In expanding on the fit between the two brands, Jacobs noted that Klipsch and Jamo’s U.S. distribution and position are complementary. In the United States, Jamo sells through regional distributors, mainly to customer installers. Most of the U.S. operation’s sales are in custom-installed speakers, although the company offers cabinet speakers and has diversified into home theater systems, component-audio electronics, a distributed-audio system and plasma TV. Because of rapid price compression, however, Jamo is withdrawing from flat-panel TV, Jacobs said.

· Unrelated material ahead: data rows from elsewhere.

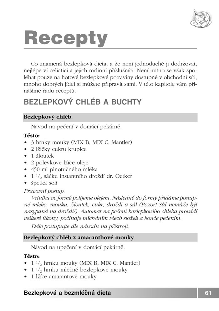 Odpovědi na nejčastější otázky, seznam E (přídatných látek v potravinách), legislativa v ČR a na Slovensku týkající se občanů s bezlepkovou dietou, velké množství nových zajímavých receptů na bezlepkové pečivo, zákusky a cukroví. To vše naleznete v této příručce. Kniha je vhodná také pro odbornou veřejnost, protože obsahuje také podrobnější rozbor příčin, klinických projevů a následků.
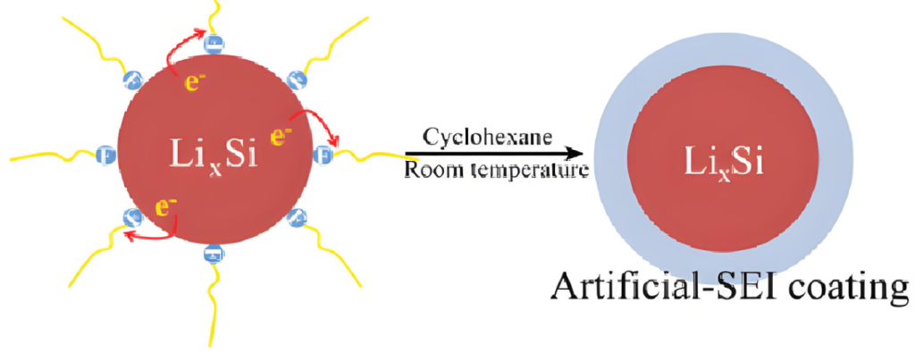 人造SEI包覆LixSi具有更高的稳定性和更强的锂化能力,氟化癸烷分子具有类表面活性剂的长链结构,溶于非极性溶剂中(LixSi也能稳定存在),而且可以在LixSi表面还原分解,形成人造SEI。
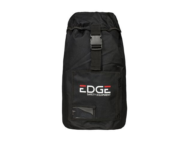 Mochila Safety Jogger EDGE BACKPACK MEDIUM en color negro, ideal para escaladores que necesitan transportar su equipo de protección de forma segura y organizada. Fabricada en poliéster resistente, cuenta con cierre de correa y hebilla, bolsillo frontal con cremallera y logo distintivo. Perfecta para actividades al aire libre y escalada en roca.
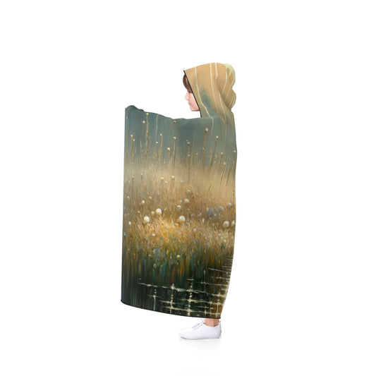 The image titled Observant Delicacy Heart captures a serene and enigmatic scene rendered in a Tachism art style. At the center, a luminescent, full moon hangs in a gradient sky shading from a warm, honeyed hue at the horizon to a cool azure at the top. This celestial body bleeds white drips into the sky, a stark contrast against the darker subdued backdrop, evoking a sense that the moon is melting or perhaps reflecting the piercing light of a sun unseen. Beneath the moon, a field of ethereal botanicals stretches into the distance. Wispy, delicate spheres reminiscent of dandelions after bloom or perhaps some undiscovered flora, populate the scape. Their stalks are slender and topped with globes of white that shimmer with the moon s glow, casting a mystical haze across the landscape. This meadow bristles with a quiet vitality, each strand standing as a silent sentinel in the tranquil tableau. Reflecting the sky and the surreal flora, there is a mirror-like body of water with ripples that gently distort the reflection of light, creating an impression of a pathway leading to the distant horizon. The water enhances the scene’s dreamy, contemplative atmosphere, inviting the observer to remain quiet and absorbed in this moment of tranquil beauty. This image seems to resonate with the themes of observation—taking in the subtle details, delicacy—appreciating the softness and fragility of the scene, and an open heart—
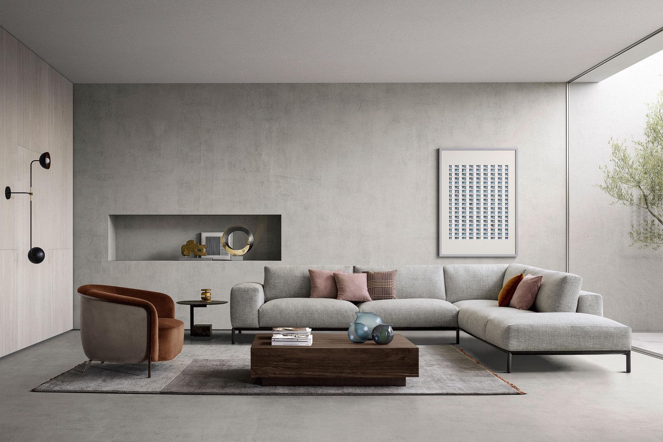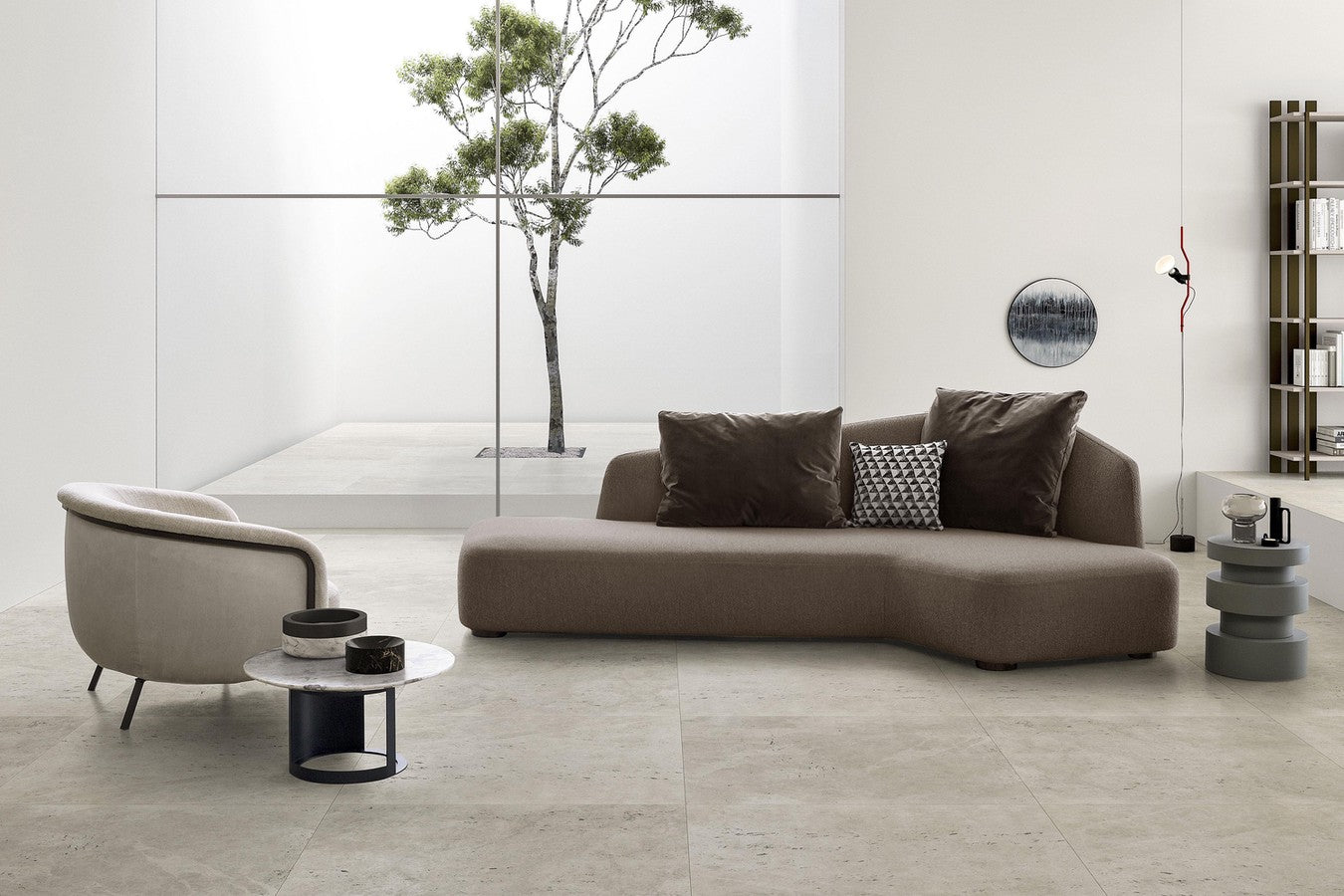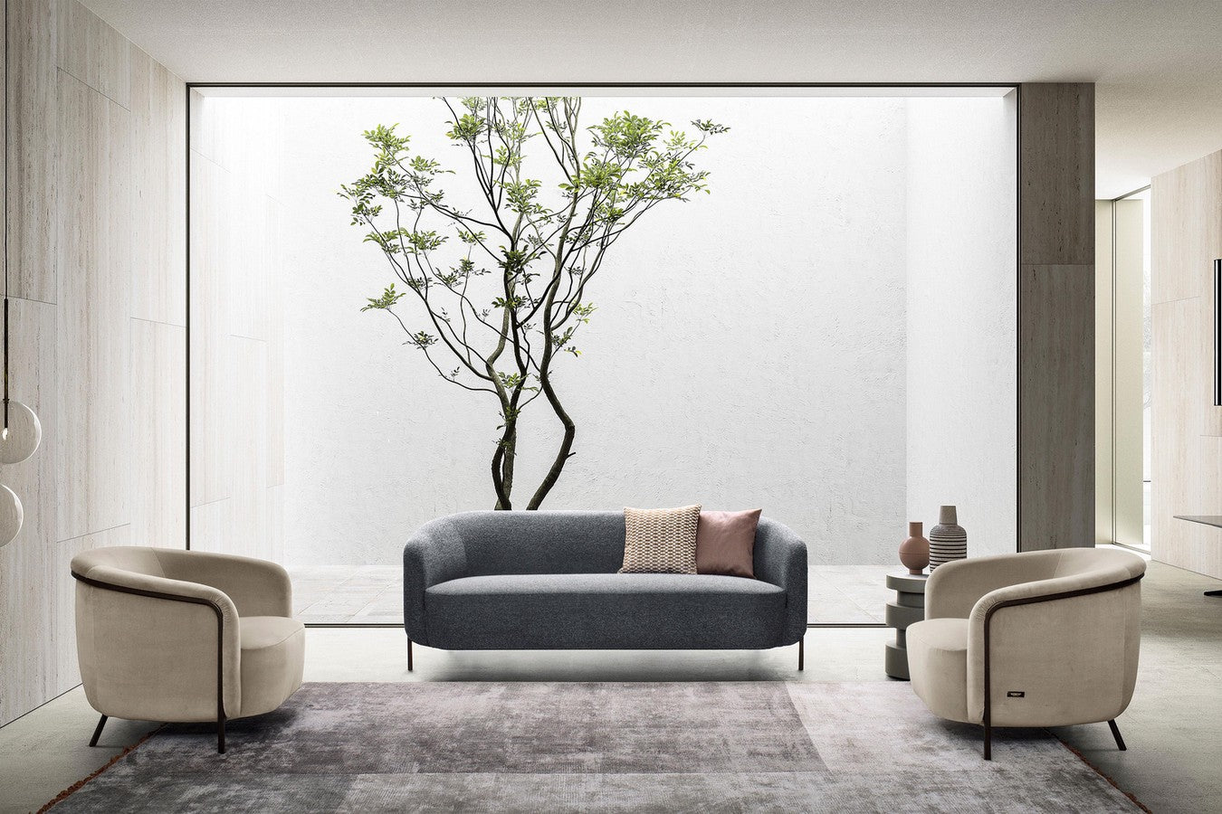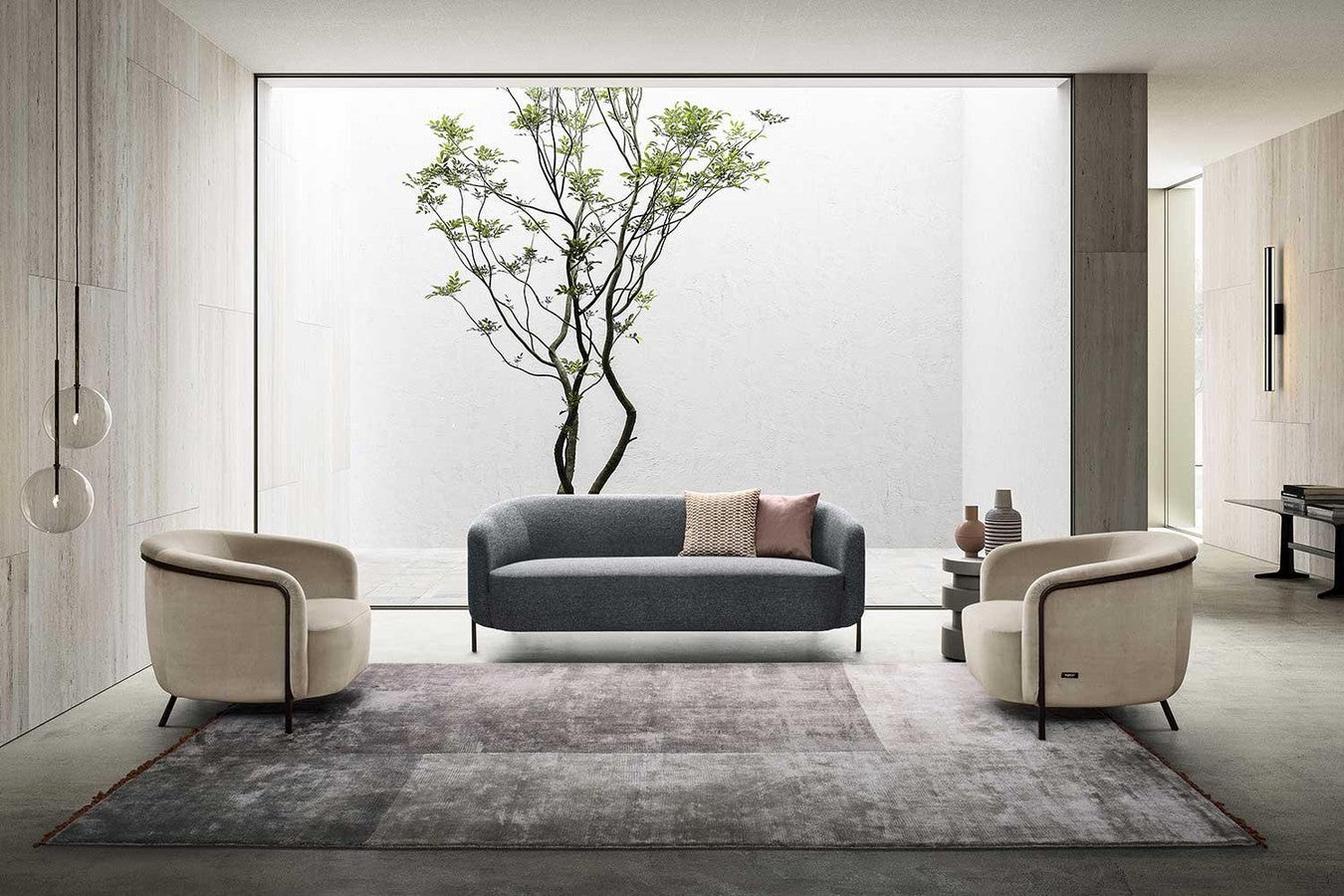 With its soft, rounded silhouette, the backrest and one-cushion seat offer a welcoming seat enclosed between two high arms. A contemporary twist is added to this statement chair through the sinuous metal frame that elongates towards the floor to become the armchair legs. A striking decorative and functional element that can be customized in a bronze or anthracite finish.
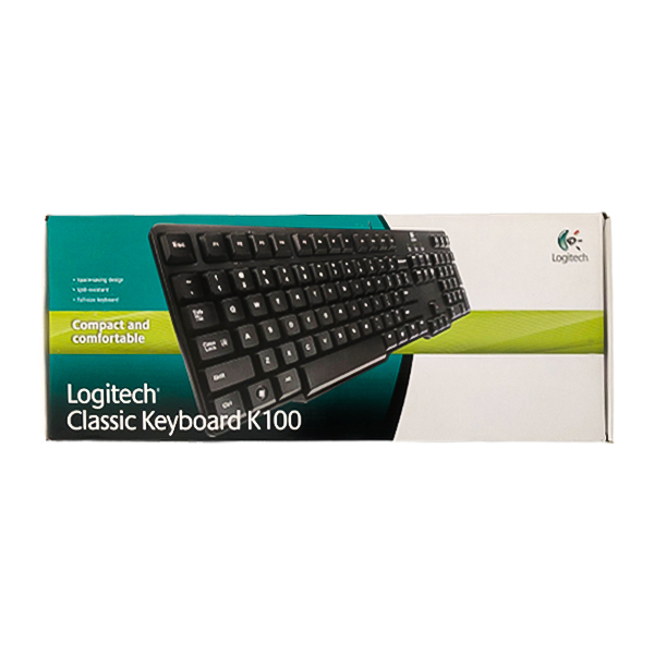 کیبورد k100 محصولی از شرکت لاجیتک می باشد که مجهز به رابط اتصال PS2 و کابل تبدیل PS2 به USB است. این کیبورد جمعا دارای 104 کلید است و با با سیستم عامل های Windows XP, Windows Vista, Windows 7, Windows 8 سازگاری دارد.

In contrast, Klipsch sells direct, and most of its sales are in home and pro cabinet speakers. The brand, however, recently raised its custom-speaker presence, diversified in a small way into home theater systems, and last year obtained exclusive worldwide rights to market Oxmoor’s ZON distributed-audio systems. Klipsch intends to buy Oxmoor at some point, Jacobs said.

Also as part of a diversification drive, Klipsch in late 2000 bought select assets of Mondial, which marketed the Aragon and Acurus audio electronics brands. Today, Klipsch markets Aragon-branded amplifiers and an Aragon preamp/processor to complement its speaker selection. The Acurus brand is inactive.